This Matariki we would like you to meet our 'reo hapū' Te Puna Ihi Manaaki, based at Hikoikoi Pā on the shores of Pito-one.
The hapū was established to provide a support system for its members who are learning māori. There are weekly classes to help improve proficiency like any weekly class. The difference here are the added elements of language revitalisation, whānau reo plans and mentoring to give members confidence to use their reo out in the community and more importantly in the home. Te Puna Ihi Manaaki embraces whānaungatanga, manaakitanga and ngākau maahaki. All equally important tikanga that help the reo to thrive.
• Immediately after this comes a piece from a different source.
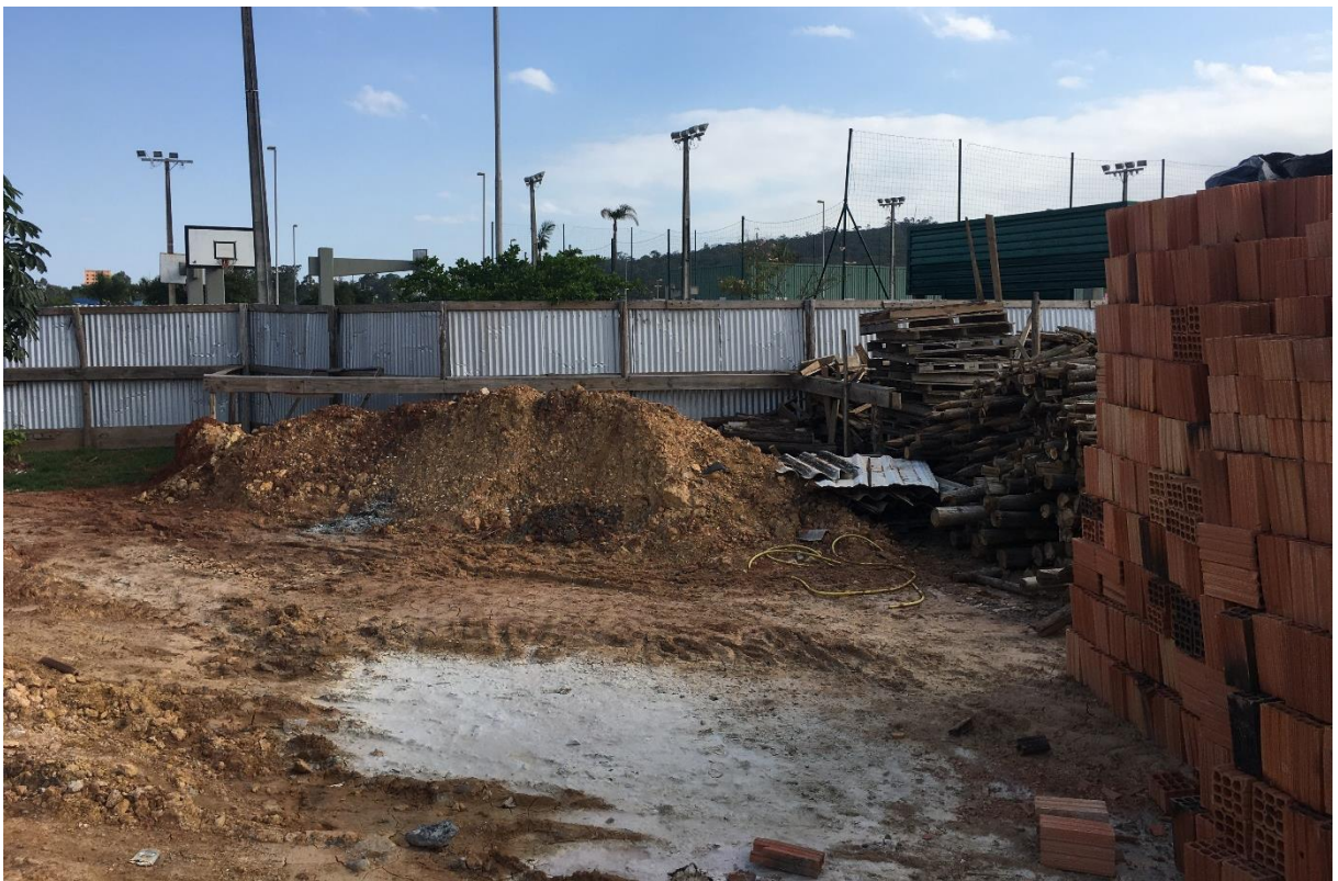
Figura 9: Materiais em contato com umidade do solo.

It's hard work to commit to a weekly evening class especially with whānau commitments , work commitments and all the other commitments life seems to throw at you the minute you decide you want to learn Māori.
The first few months of any learning journey we call the 'honeymoon' period. Life is exciting, and new, intriguing and fun. It's usually raumati so the evenings are warm and light. As a beginner you learn your first few kupu, then maybe a phrase! The first few weeks breeze by and suddenly you're saying 'Kia Ora' to everyone on the street! But as the 'marriage' continues, 'ordinary' settles in, other life commitments pop up, hōtoke rolls in and those warm raumati evenings are but a distant reo memory. Learning gets harder as vocab lists get longer, sentence structures are not that appealing and you find yourself sitting by your fireplace instead of at your evening reo class. A collective gasp from all of our students! They know! Yes we know! We know and understand how easy it is to stay home instead of venturing out into the cold pō to your reo class, we know that sometimes you're tired from every day life and just want a kapu tī and to go to bed. We know! We know how hard it is!
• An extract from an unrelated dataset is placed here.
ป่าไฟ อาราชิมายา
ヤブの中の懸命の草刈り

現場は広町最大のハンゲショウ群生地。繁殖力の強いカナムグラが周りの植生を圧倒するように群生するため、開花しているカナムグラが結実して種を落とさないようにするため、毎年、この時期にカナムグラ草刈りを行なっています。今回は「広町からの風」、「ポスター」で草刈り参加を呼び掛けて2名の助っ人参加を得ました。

We also know that society is not supportive of reo Māori use. People find it hard to use their reo outside of the classroom because other reo speakers you can converse with are so rare and the opportunities and places to speak Māori are mostly non existent. You don't need reo Māori to pay your bills, to speak to your doctor, buy your groceries, pick the kids up from school, write an email or buy a flat white . Regardless of whether your intentions to learn were strong or not, it is hard for anyone to learn and use a language that isn't being used on a regular basis. Language is cruel, use it or loose it.
Te Puna Ihi Manaaki is about 'knowing all of this' and supporting you through your learning in spite of what life has to throw at you. Our focus is not only teaching reo Māori but teaching you how to utilise reo Māori in your every day life so that it's with you at every moment. So when it feels like an uphill battle you have the tools and know how to keep climbing. Having a supportive community behind you provides that extra push to go further or a soft landing if you fall. It can then pick you up and get you moving again.
We are still in the early stages of our reo hapū and still getting to know one another, but our desire to speak Māori has strengthened our connection to each other as we try to help each other a long the way. We celebrated Matariki together with a hangi , made pizza's on pizza night and spent a term making rewana together. There is kōrero of starting up waka ama roopu for over 50's and trips to reo symposiums planned. We have started a māra kai which is a fantastic opportunity to learn the skills and tikanga of whakatipu kai. It is a joint project with other communities at Hikoikoi Pā but the exciting part is that it will be a reo Māori only māra kai, creating a place where our hapū can use their reo.
There will be trying times ahead but no journey is without its difficulties. We are bound to loose a few members as they discover that this journey is not for them but the reward at the end is knowing that we have helped individuals become strong reo advocates for themselves and their whānau. Who knows how many generations that will effect in the future.